----- Given data

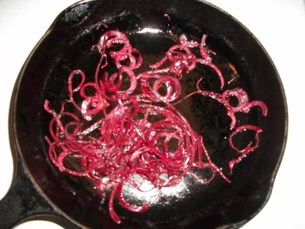 Poner la sartén sobre la parrilla a fuego alto con un poco de aceite y freír encima las rodajas de remolacha! (Estos los se hacen con spiralizer les da su delgada forma rizado pero fino rebanadas, el más delgado mejor, también funcionan bien y solo falta un poco más fría). Llegan nítidas y oscuras y se vuelven muy tocino como. Tan muy delicioso para agregar a la hamburguesa final. Confía en mí en esto.
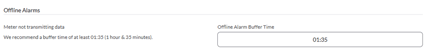 - Sonicu’s recommendation for the “Offline Alarm Buffer Time” is 1 hour and 35 minutes, but can be adjusted if needed.
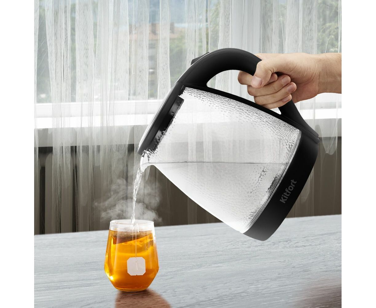 Корпус чайника выполнен из стекла и пластика, а крышка — из пластика и нержавеющей стали. Пластиковая ручка чайника позволяет удобно держать его в руке: ручка не скользит и не нагревается благодаря особенностям конструкции.
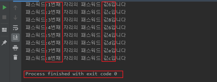 두번째 for문은 N번째 패스워드 값을 구하기 위함이다.

----------

▸ Problem to work on:
Your answer must be only the lines from the one that holds "- Sonicu’s recommendation" to the end of the listing, each restated word for word, with both ends kept and pictures left out.

▸ Reply to the task:
 - Sonicu’s recommendation for the “Offline Alarm Buffer Time” is 1 hour and 35 minutes, but can be adjusted if needed.
 Корпус чайника выполнен из стекла и пластика, а крышка — из пластика и нержавеющей стали. Пластиковая ручка чайника позволяет удобно держать его в руке: ручка не скользит и не нагревается благодаря особенностям конструкции.
 두번째 for문은 N번째 패스워드 값을 구하기 위함이다.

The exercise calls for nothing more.